Using repeated applications of axiom (ii), every intermediate betweenness relation propagates forward along the chain, yielding:
$$ t \in [x..y]. $$
Thus:
$$ [xyz]. $$
(f) Distributive law
We prove:
$$ ((xyz)ue) = (x(yue)(zue)). $$
Let:
$$ a=(xyz),\quad b=(yue),\quad c=(zue). $$
Both sides are defined by axiom (iii) as unique solutions to intersection constraints.
Left-hand side
$(aue)$ is the unique point in:
$$ [a..u]\cap[u..e]\cap[e..(aue)]. $$
Right-hand side
$(x b c)$ is the unique point in:
$$ [x..b]\cap[b..c]\cap[c..(xbc)]. $$
Using part (d), applying the projection $(\cdot,u,e)$ preserves all betweenness relations among $x,y,z$, because each intermediate step is built only from applications of axiom (iii), which preserves interval closure under fixed endpoints.

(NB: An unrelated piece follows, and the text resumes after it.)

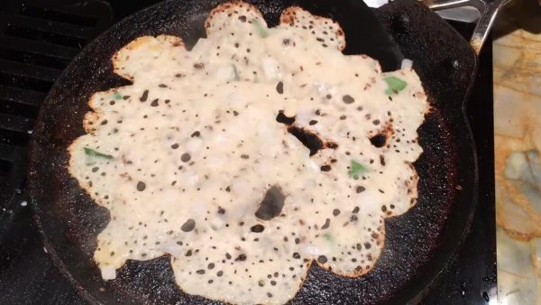 - Make as much of a circle as possible. I have not perfected a circle in rava dosa. Drizzle a teaspoon of oil around the edges, in between the holes and in the center

Thus both constructions satisfy the same defining system of axiom (iii). By uniqueness,
$$ ((xyz)ue) = (x(yue)(zue)). $$
Conclusion
All median algebra identities follow strictly from:
- uniqueness in axiom (iii),
- controlled use of axiom (ii) for propagation of betweenness,
- avoidance of any assumed symmetry until it is derived,
- characterization of the ternary operation only through verified interval constraints.
This completes the proof that the structure is a median algebra.